In attempts to understand the very nature of our reality, physicists sure have some mind-bending theories. Like what if information is a tangible and fundamental aspect of physical reality itself – alongside matter and energy? Or, alternatively, what if information is the fifth state of matter?

Information is, after all, something all matter and energy measurably possess. The rules that govern their existence, like their mass, speed, or charge, are all bits of information they contain.

So to allow experimental probing of such ideas, physicist Melvin Vopson from the University of Portsmouth in the UK estimated how much information a single elementary particle, like an electron, stores about itself. He then used this calculation to estimate the staggering amount of information contained in the entire observable Universe.

"It is the first time this approach has been taken in measuring the information content of the Universe, and it provides a clear numerical prediction," Vopson says.

Vopson estimated that each particle in the observable Universe holds 1.509 bits of information, using Claude Shannon's information theory.

This theory ties entropy – the amount of uncertainty in a system – with information: The information content of a message is a measure of how much uncertainty is reduced by the message. But different types of messages have different values.

For example, the outcome (the message) of a fair coin flip has 1 bit of information: this event was heads, not tails. If the coin was double-headed, the expected outcome of heads has 0 bits of information, because it doesn't add anything new to what we already knew.

But if the coin is biased towards heads and you end up with tails, this surprising outcome provides a bit more information than a routine 1 bit event: This event was tails and it wasn't expected.

Vopson applied these information entropy calculations to the mass, charge, and spin of protons, neutrons (and their composing quarks), and electrons, to arrive at his estimate for how much information they hold.

Then, using estimates of how many of these particles exist, he multiplied it out to the entire Universe.

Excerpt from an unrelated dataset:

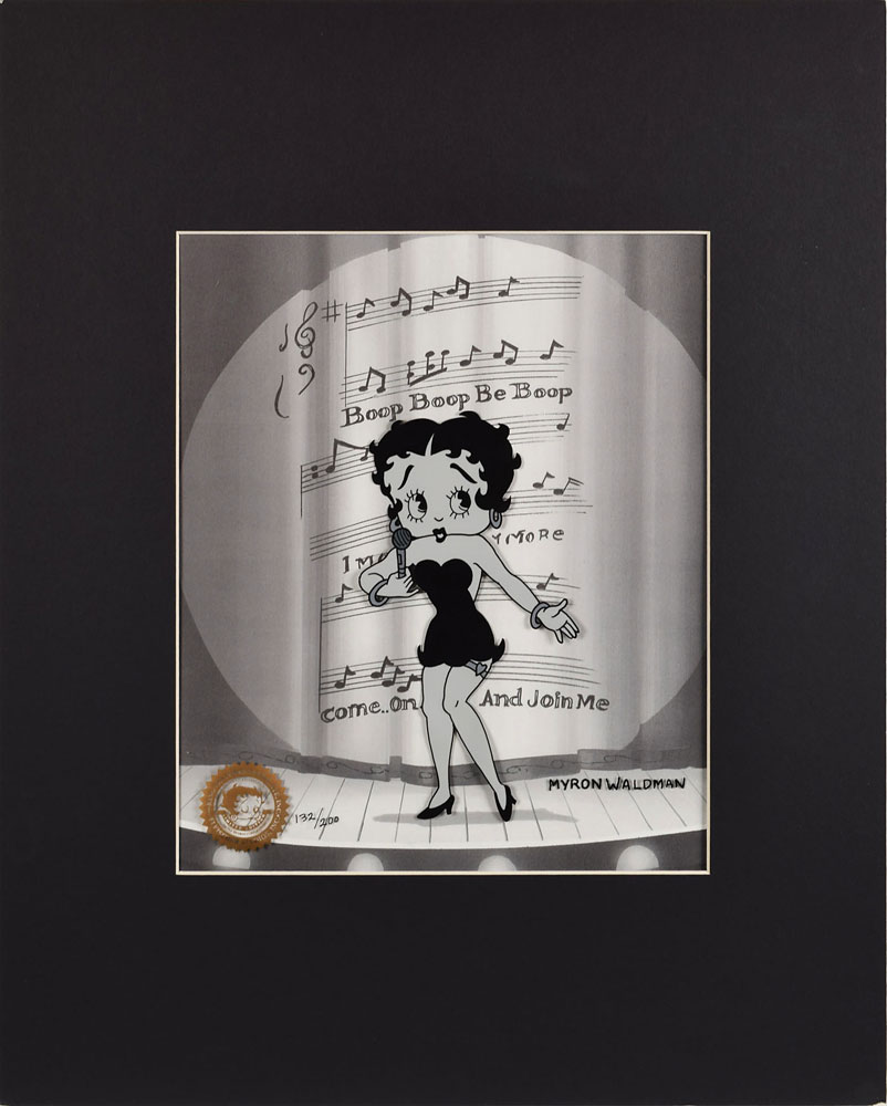 Limited edition hand-painted animation cel entitled 'Betty on Stage,' numbered 132/200, 9.5 x 11.5, signed in black ink by noted Fleischer Studios animator Myron Waldman. Set against a pre-printed musical background and matted to an overall size of 16 x 20. Cel bears a 1999 King Features seal to lower right. In fine condition. Learn more about our Animation Expert, Harry Kleiman.

The result was around a 6 followed by a staggering 80 zeros in bits of information, which is actually lower than previous estimates. But Vopson expected this, given past calculations tried to account for the entire Universe, whereas he restricted his calculation to the observable parts only – excluding antiparticles and forces (like light bosons).

"We have considered all bosons to be force/interaction particles responsible for the transfer of information, rather than storage of information," Vopson writes. "We postulate that information can only be stored in particles that are stable and have a non-zero rest mass, while interaction/force carrier bosons can only transfer information via waveform."

He also didn't include unstable particles or antiparticles, given their lifetimes are extremely short, "so their observation is only possible via artificially created experimental conditions or theoretically," he writes. "Therefore, their participation to the observable Universe is negligible and, by extrapolation, their capacity to register information is also negligible.

"But it is important to mention that information could also be stored in other forms, including on the surface of the space-time fabric itself, according to the holographic principle."

The idea that information is physical has been around since the 1920s. Since then, experiments have demonstrated a link between information theory and thermodynamics, and led to the wild idea that the Universe is simulated in 3D from a 2D reality.

"These radical theories are based on the principle that information is physical, the information is registered by physical systems, and all physical systems can register information," Vopson explains.

Building on this, Vopson had previously proposed that information might be a fifth state of matter, alongside solid, liquid, gas, and plasma, and even more wildly, that information might be the dark matter that physicists have been hunting for.

These new calculations could help test these strange and fascinating hypotheses.

"The current approach offers a unique tool for estimating the information content per elementary particle, which is very useful for designing practical experiments to test these predictions," Vopson concludes.

Besides, if light can be a particle, and physical states can be undetermined until observed, why the heck couldn't information be a physical and fundamental part of the Universe?

This research was published in AIP Advances.